Contrary to progressive claims, Republicans aren't trying to keep minorities from voting. Unlike progressives, we believe minority citizens are smart and capable and certainly not too stupid to figure out how to get an ID if they don't already have one. In short, we Republicans believe minority race citizens are just as capable as white people and so do not need to be coddled. Progressives, though, have such a low view of minorities that they cannot imagine them having the intelligence and capability to acquire IDs, and instead insist that ID laws will disenfranchise them. I, for one, abhor that type of prejudice.
On Jul 18, 2012, at 11:35 PM, Dan Johnson <dan at kchrlaw.com> wrote:
Innovative news on the voter registration front (the attack back in the War on Voting continues)...
From: Progressive Advocacy <dan at ProgressivePublicAffairs.com>
Date: July 18, 2012 7:14:51 PM CDT
To: dan at ProgressivePublicAffairs.com
Subject: Progressive Advocacy
Progressive Advocacy
________________________________________
Madison WI and Washington State attack back on the war on voting
Posted: 17 Jul 2012 10:45 PM PDT
Fantastic news.
Progressive state and local governments are attacking back on the Republican's anti-American war on voting by implementing forward-thinking laws and policies that reduce the barriers between citizens and their ballots.
Yesterday, the Madison (WI) City Council passed an ordinance adding the voter registration form to the pile of paper documents that landlords must distribute to tenants when they move in.
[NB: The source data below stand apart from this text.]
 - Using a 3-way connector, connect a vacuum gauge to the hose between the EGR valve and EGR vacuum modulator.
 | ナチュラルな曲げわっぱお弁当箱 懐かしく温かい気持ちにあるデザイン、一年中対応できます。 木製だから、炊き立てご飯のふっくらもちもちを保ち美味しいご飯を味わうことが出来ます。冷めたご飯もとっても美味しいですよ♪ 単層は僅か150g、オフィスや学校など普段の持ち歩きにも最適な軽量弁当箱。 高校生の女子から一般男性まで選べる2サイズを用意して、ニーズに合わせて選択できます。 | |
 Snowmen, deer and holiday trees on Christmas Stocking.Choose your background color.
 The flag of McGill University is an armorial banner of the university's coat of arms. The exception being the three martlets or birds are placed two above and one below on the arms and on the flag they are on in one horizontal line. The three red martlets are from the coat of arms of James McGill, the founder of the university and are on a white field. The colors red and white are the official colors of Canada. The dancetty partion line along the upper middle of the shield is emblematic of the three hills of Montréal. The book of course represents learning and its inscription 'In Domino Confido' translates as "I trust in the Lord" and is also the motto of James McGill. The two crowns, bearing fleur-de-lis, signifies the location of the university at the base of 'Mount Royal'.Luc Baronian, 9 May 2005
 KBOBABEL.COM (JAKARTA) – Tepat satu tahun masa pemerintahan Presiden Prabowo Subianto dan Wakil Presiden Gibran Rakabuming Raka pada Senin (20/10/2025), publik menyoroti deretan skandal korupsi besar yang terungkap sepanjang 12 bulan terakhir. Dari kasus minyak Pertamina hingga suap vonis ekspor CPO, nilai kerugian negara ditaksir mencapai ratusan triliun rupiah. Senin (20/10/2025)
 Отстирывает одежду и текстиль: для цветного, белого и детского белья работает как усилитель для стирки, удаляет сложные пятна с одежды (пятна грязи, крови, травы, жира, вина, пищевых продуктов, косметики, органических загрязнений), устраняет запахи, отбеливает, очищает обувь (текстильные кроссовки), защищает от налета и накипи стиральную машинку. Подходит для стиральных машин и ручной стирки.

This is now law, just in time for the August move-in for UW-Madison students. Half the housing units in Madison are rental units and a large percentage of those units turn over every year.
As Alder Bridget Maniaci, the lead sponsor of the proposal explains, providing voter registration information to citizens when they move into a new place makes sense, since that's when people are changing their address (and they are probably unaware that they must proactively tell some obscure unit of local government they have moved in order to vote months later). From the Isthmus:
The way citizens in the United States vote is based on where they live, Maniaci adds, which means it is sensible to provide them with voting information when they change addresses.
"To provide to tenants voter registration forms at the time they move in, when most individuals are in the process of changing all of their other household information, everything from Netflix to their post-office address to the DMV, that's a very natural time to do this," she says.
As a bonus, getting citizens to register to vote early is cheaper for the city clerk to process than registering people in the crunch leading up to the election, so distributing these voter registration forms will save taxpayers some money.
On the West Coast, Washington State's Secretary of State is unveiling an app that will allow users to register to vote through Facebook. Since Washington State already uses online voter registration, pulling the data from a user's Facebook account and importing it into the voter registration program will make it easier for people to register -- and people can tell their friends about how they registered to vote, creating more of a social norm of democratic self-governance through participation.
Congratulations to Washington and Madison (named after two Founding Fathers, coincidentally) for further implementing the great democratic spirit of our American Republic.